Notre Dame de Lourdes, known from 2012 to 2018 as St. Bernadette Parish, is a former Roman Catholic parish in Fall River, Massachusetts. A part of the Roman Catholic Diocese of Fall River, the parish was established in 1874 to serve the growing French-Canadian population located in the city's Flint Village section. Since its founding, the parish has occupied three different church buildings; a wooden structure (1874–1893), a spectacular granite church (1906–1982) and the current modern church (1986–2018). The parish complex over time has also consisted of other multiple buildings, including St. Joseph's Orphanage, The Jesus Marie Convent, Notre Dame School, the church rectory, the Brothers' residence, and the former Msgr. Prevost High School. The parish also includes Notre Dame Cemetery, located in the city's south end.
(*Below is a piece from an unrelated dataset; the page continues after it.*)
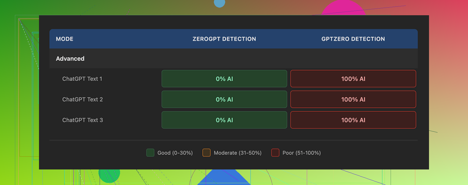 - GPTZero and Originality.ai barely moved in some tests, and in others the drop was small enough that it still looked risky.
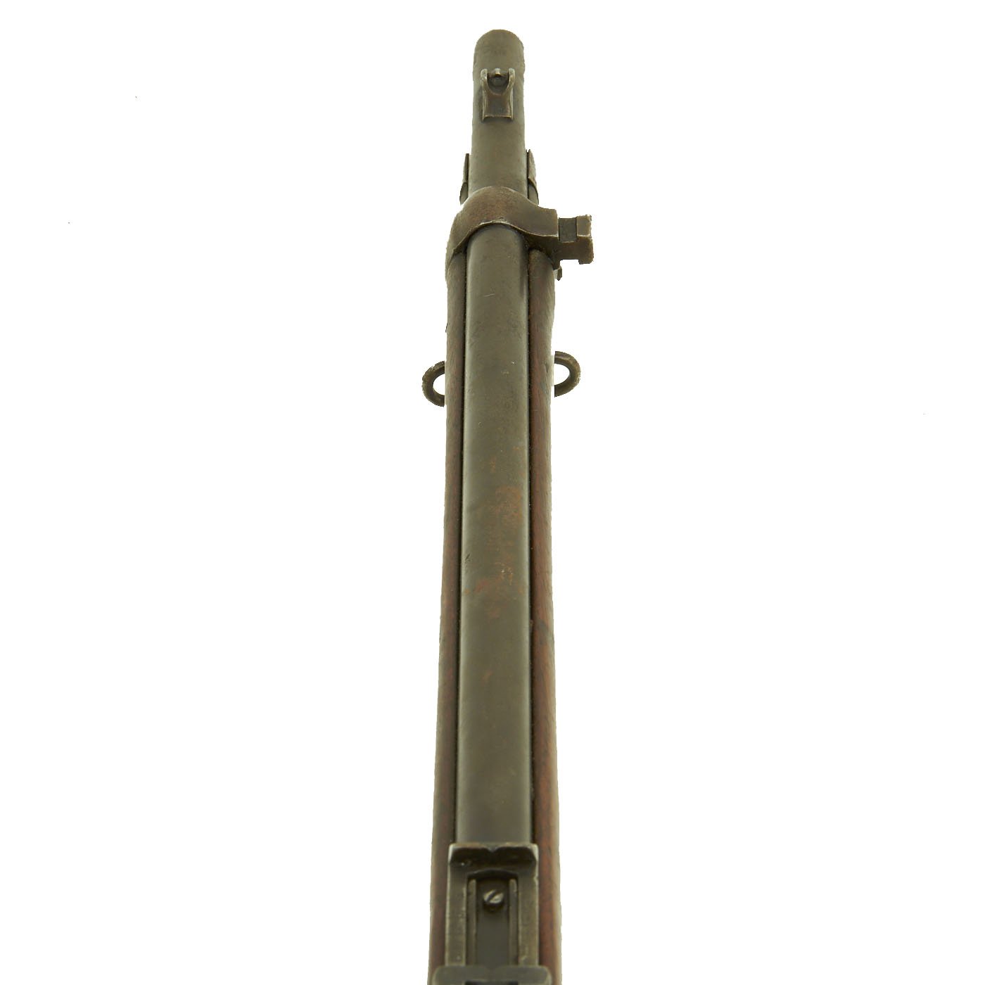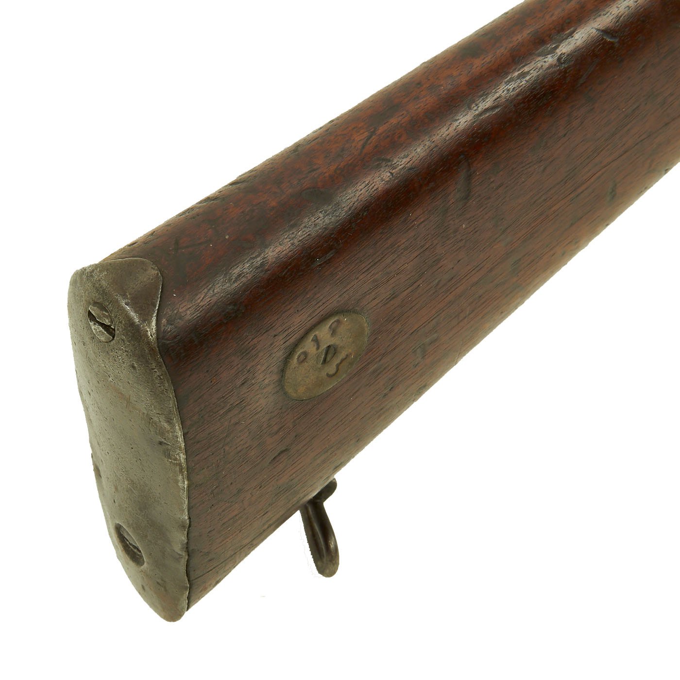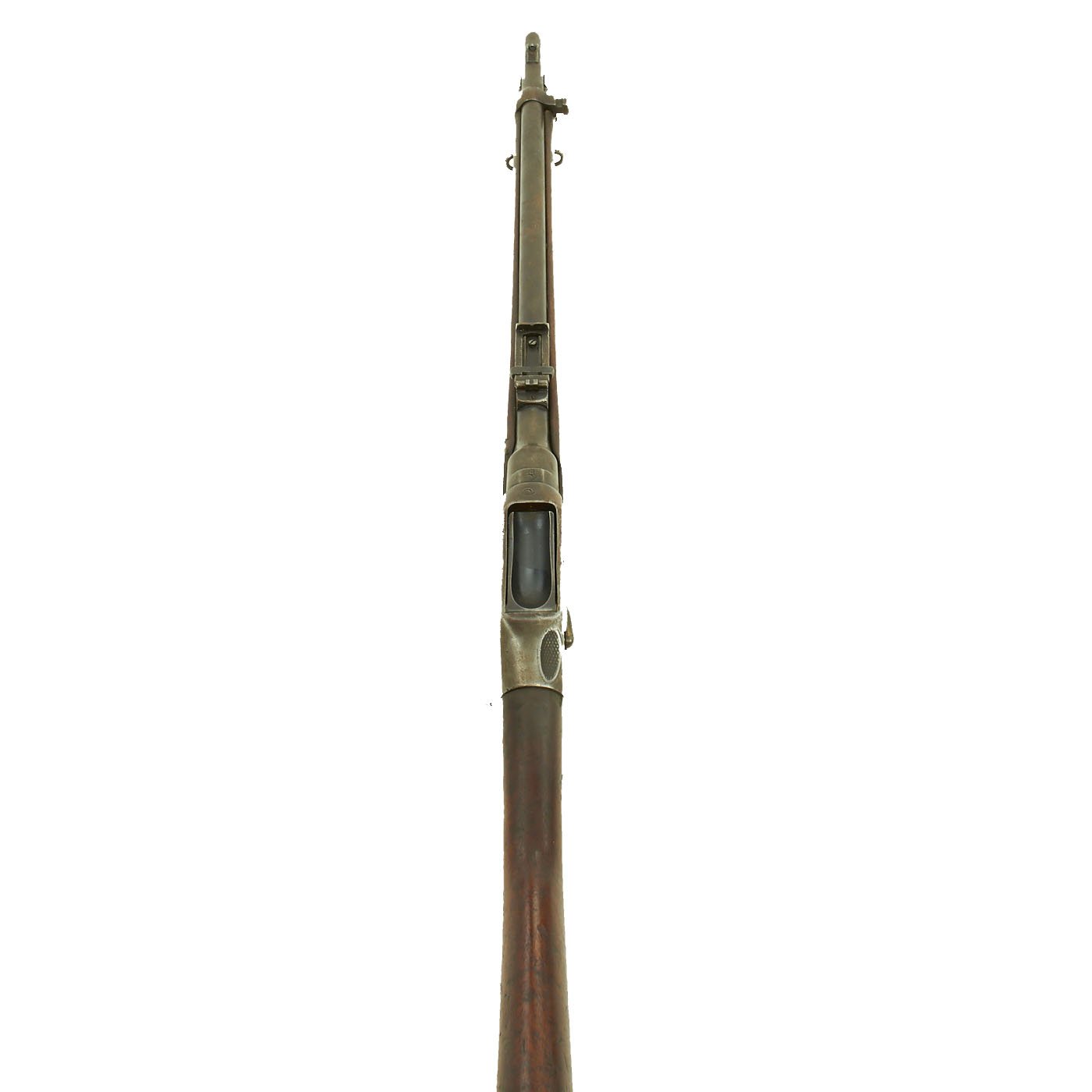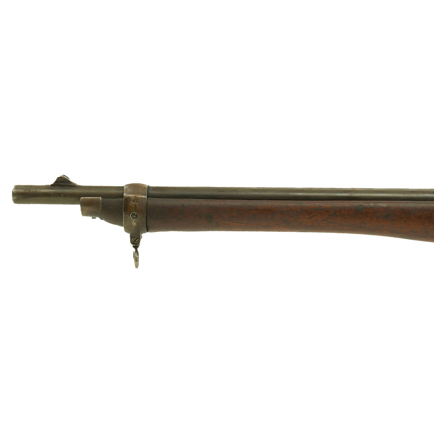 The Martini action, adopted by the British in 1871 was one of the strongest ever developed, and saw military service in England and the Empire, in one form or another for almost seventy years. Its most famous action being the defense of Rorke's Drift in Natal, South Africa in the 1879 Zulu War. The bore shows clear rifling with a bright finish, and just a bit of wear on the lands. The exterior is also in nice shape, with lovely wood, that shows the usual wear from age and service.

In March 2012, the diocese announced that Notre Dame de Lourdes Parish would be merging with nearby Immaculate Conception Parish, with the new combined parish renamed Saint Bernadette Parish. This name gives a connection to both parishes as it was Saint Bernadette who was reported to have witnessed the apparition of the Immaculate Conception (the Virgin Mary) at Lourdes, France.

==History==
Notre Dame de Lourdes Parish was created in July 1874, and named after the 1858 apparitions of the Blessed Virgin Mary at Lourdes, France. The first pastor of the parish was Rev. Pierre Jean-Baptiste Bedard, from Montreal. The new parish included about 250 French-Canadian families and about 40 Irish families, who settled to work in the newly established cotton mills located in the east end of Fall River. The church has been through three buildings in its 144-year history.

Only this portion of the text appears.